# Age to breed



## Reed77 (Mar 20, 2011)

At what age should you breed a gilt for the first time? When are they sexually mature (boar & gilt)?


----------



## HeritagePigs (Aug 11, 2009)

Well, you can't breed them before they are sexually mature... 
The gilt needs to be able to physically carry the litter through to farrowing. This means a strong back, neck, legs, etc. Usually she is ready by her second or later cycle but it's most important she is in good shape. Six months to a year depending on breed.


----------



## RW kansas hogs (Nov 19, 2010)

I agree with Brian, Some people wait till the gilts 3rd cycle, Gives the gilt that much more time to mature and grow. We did that with our blue butt sow and it really worked in her favor, She is almost as big as our 4yr old berk sow but only at a 1.5 yr old


----------



## highlands (Jul 18, 2004)

We start seeing sexual play around four months and often first heat at six months but pregnancies generally start at eight months with first litter at about a year. Occasionally we get a Lolita who has her first litter a couple of months earlier than that. They can work out fine. Our oldest sow was a Lolita and she's been going strong for seven years. Nice big litters right from the start and onward.


----------



## HeritagePigs (Aug 11, 2009)

"Lolita"? Really? Can't come up with a better description that doesn't carry such a connotation?


----------



## theporkstork (Dec 31, 2005)

I worked on a farrow to finish swine research farm for most of my working career and we would breed our first litter gilts going by skeletal maturity as well as sexual maturity. Some gilts are ready to breed by 6 months old, but our average age to breed was at 8 months. The question you have to ask yourself is: will this gilt be mature enough in her frame to be able to deliver her litter without assistance, thinking of her pelvic size.
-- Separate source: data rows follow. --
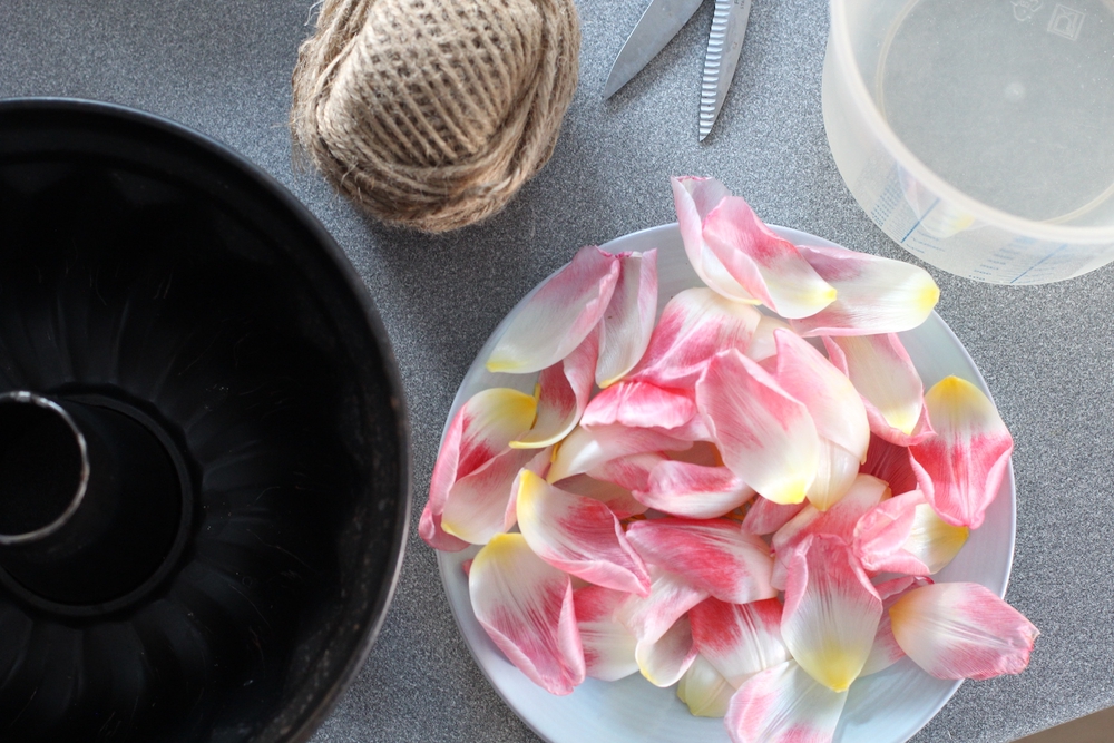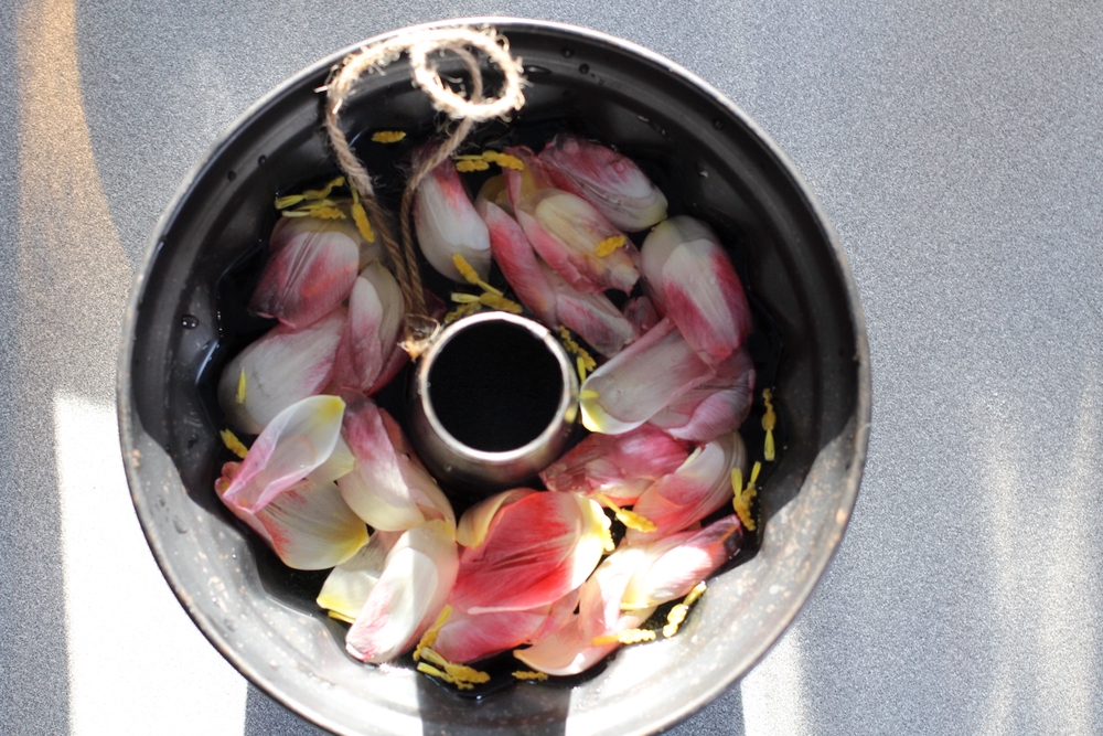 - Kaada vettä kuivakakkuvuokaan ja laita terälehdet ja heteet sekaan.
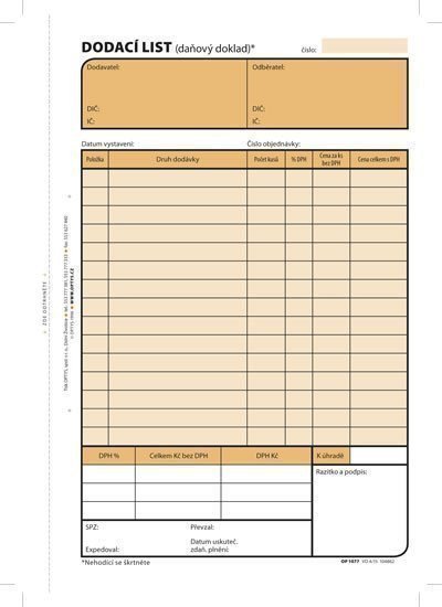 Dodací list, A5, 100 listů, perforace v levé části tiskopisu, NCR
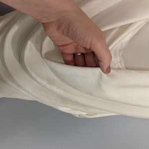 Great for an eveneing out and layoring with jacket or blazer. Soft white- almost pearl color- nice fabric- barely worn.
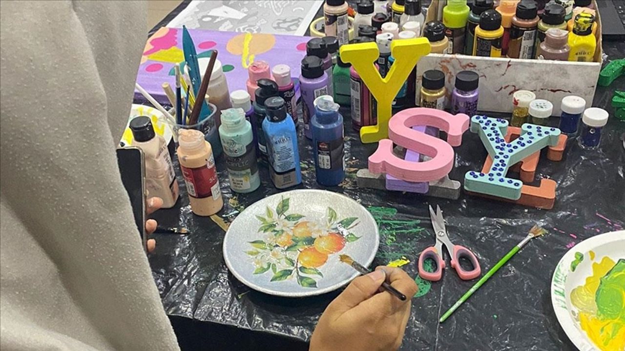 Adana'da bağımlılıkla mücadele edenlere yardım eli uzatılan Yeşilay Danışmanlık Merkezinde (YEDAM), danışanların hobi edinmesi ve sosyalleşmesi için el sanatları kursları da düzenleniyor.
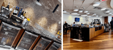 This lounge was nice but mostly for getting some food and leaving as the chairs were not that comfortable and more just tables and chairs. They had beer, champagne, wine, a bottle of vodka, and nonalcoholic beverages (sodas, water, coffee, tea) but I didn't see a full bar. The buffet was pretty big with quite a few choices but nothing that substantial. Secret tip, you can order off the menu by scanning the QR code at your table, which had just a couple of items (for breakfast- waffles, eggs and home fries). All included with your pass membership.
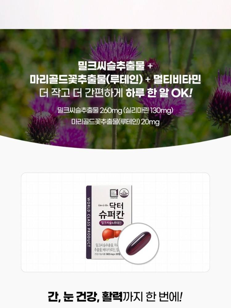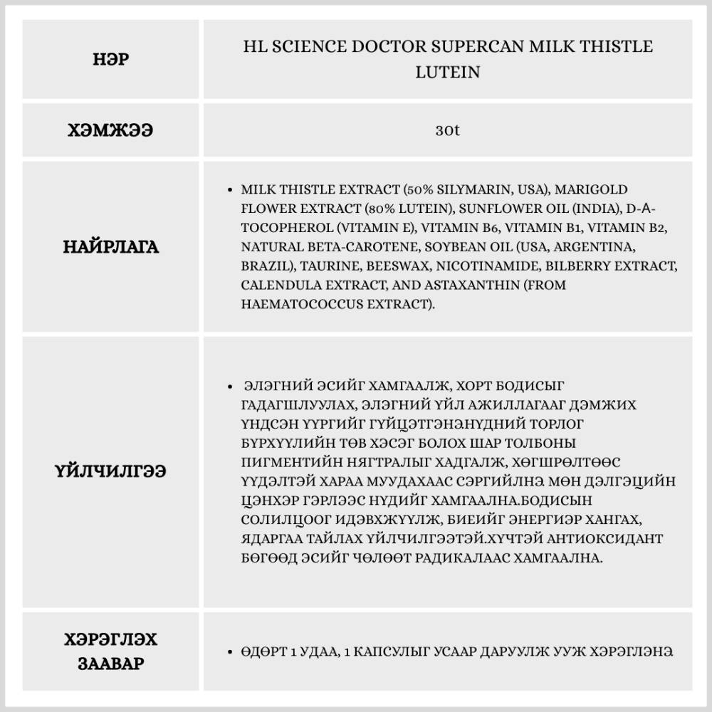 HL Science Doctor Super Kan Milk Thistle Lutein нь орчин үеийн хүмүүсийн хамгийн их ачаалал авдаг хоёр эрхтэн болох элэг болон нүдний эрүүл мэндийг нэг дор дэмжих үйлчилгээтэй бүтээгдэхүүн юм. Хайрцагтаа 30 ширхэгтэй бөгөөд 1 сарын хэрэгцээг хангана.

Also, the gilts that we didn't breed until around 8 months old had larger litters and more body capacity to produce a larger amount of milk to wean a heavy litter. These older gilts would be able to maintain their body condition better during lactation and would recycle better, usually 5 days after weaning and breed back and settle. Our system called for our females to produce 5 litters in 2 years so the more mature, bigger framed females always made the more productive sows.


----------



## Feathers-N-Fur (Dec 17, 2007)

Great answers but no one answered about the boar. A boar "might" do the job at 6 months, have seen it happen, but it is better to plan on him being mature enough at 9 months.


----------